I find it hilarious. Not sure why. I am still smiling.


----------



## ambush80 (Jun 17, 2015)

StripeRR HunteRR said:


> Why?
> 
> It's the spirit of the communion, not the content, that matters.




That might depend on who you're talking to.  Some folks take that cracker and wine seriously and have strict regulations about it.


----------



## welderguy (Jun 17, 2015)

Maybe it was a typo.
They probably meant it to say "a glutton-free option is available"


----------



## StriperrHunterr (Jun 17, 2015)

ambush80 said:


> That might depend on who you're talking to.  Some folks take that cracker and wine seriously and have strict regulations about it.



Some people also take other aspects of the faith to different heights. It's nothing new.


----------



## ambush80 (Jun 17, 2015)

660griz said:


> I find it hilarious. Not sure why. I am still smiling.



They seem a sensible bunch.  Alot of their progressivism flies in the face of traditional worship.


----------



## ambush80 (Jun 17, 2015)

centerpin fan said:


> Nothing surprises me about the UCC.




In your opinion do you think they are doing the Devil's work?


----------



## 660griz (Jun 17, 2015)

ambush80 said:


> They seem a sensible bunch.  Alot of their progressivism flies in the face of traditional worship.



I am sure they are. I guess the "gluten free" flesh of Christ got me.


----------



## StriperrHunterr (Jun 17, 2015)

660griz said:


> I am sure they are. I guess the "gluten free" flesh of Christ got me.



I didn't think about it in those terms, but seeing this I can't help but


----------



## centerpin fan (Jun 17, 2015)

ambush80 said:


> In your opinion do you think they are doing the Devil's work?



Regarding homosexuality, yes.

They are a very liberal church.  They are liberal not only theologically but also politically.  (I have heard them described as a political party that meets every Sunday.)  Like all liberals, they basically get everything wrong.


----------



## centerpin fan (Jun 17, 2015)

Is this it?

http://ccuccatl.net/


----------



## ambush80 (Jun 17, 2015)

660griz said:


> I am sure they are.
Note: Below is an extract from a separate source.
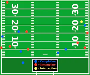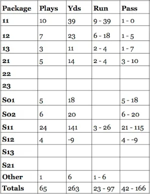 Here is the passing chart, this week featuring throws to the WRs on the field. 16 passes in all that generated 80 yards of offense. Just too much and not enough, if you know what I mean.

I guess the "gluten free" flesh of Christ got me.





StripeRR HunteRR said:


> I didn't think about it in those terms, but seeing this I can't help but




That's what I'm talkin' 'bout.


----------



## ambush80 (Jun 17, 2015)

centerpin fan said:


> Is this it?
> 
> http://ccuccatl.net/



Yeah.  Check out _MId-Week offerings, Table Talk_.  That's my in-laws.  Bill has been trying to get me over there forever.  I should go one time.


----------



## ambush80 (Jun 17, 2015)

centerpin fan said:


> Regarding homosexuality, yes.
> 
> They are a very liberal church.  They are liberal not only theologically but also politically.  (I have heard them described as a political party that meets every Sunday.)  Like all liberals, they basically get everything wrong.



I think their pastor is a lesbian.


----------